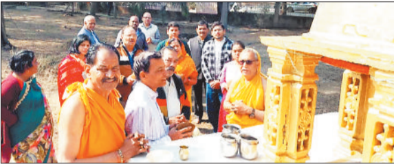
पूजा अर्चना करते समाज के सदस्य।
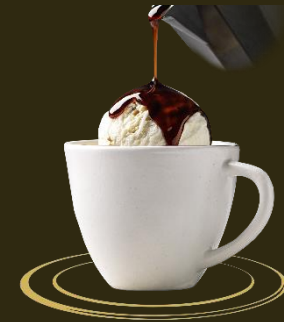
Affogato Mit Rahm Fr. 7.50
********************
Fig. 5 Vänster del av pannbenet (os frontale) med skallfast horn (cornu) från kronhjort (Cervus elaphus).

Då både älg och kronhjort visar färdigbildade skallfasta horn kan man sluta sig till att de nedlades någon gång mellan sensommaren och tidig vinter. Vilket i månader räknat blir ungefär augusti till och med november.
********************
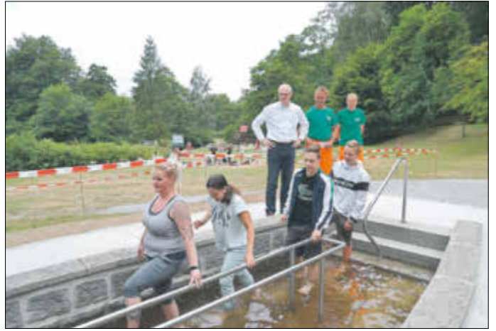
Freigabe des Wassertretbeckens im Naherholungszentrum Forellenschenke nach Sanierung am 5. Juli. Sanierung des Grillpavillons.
********************
Directions:
Return every line of the records in which the word "kronhjort" is found.

Output:
Fig. 5 Vänster del av pannbenet (os frontale) med skallfast horn (cornu) från kronhjort (Cervus elaphus).
Då både älg och kronhjort visar färdigbildade skallfasta horn kan man sluta sig till att de nedlades någon gång mellan sensommaren och tidig vinter. Vilket i månader räknat blir ungefär augusti till och med november.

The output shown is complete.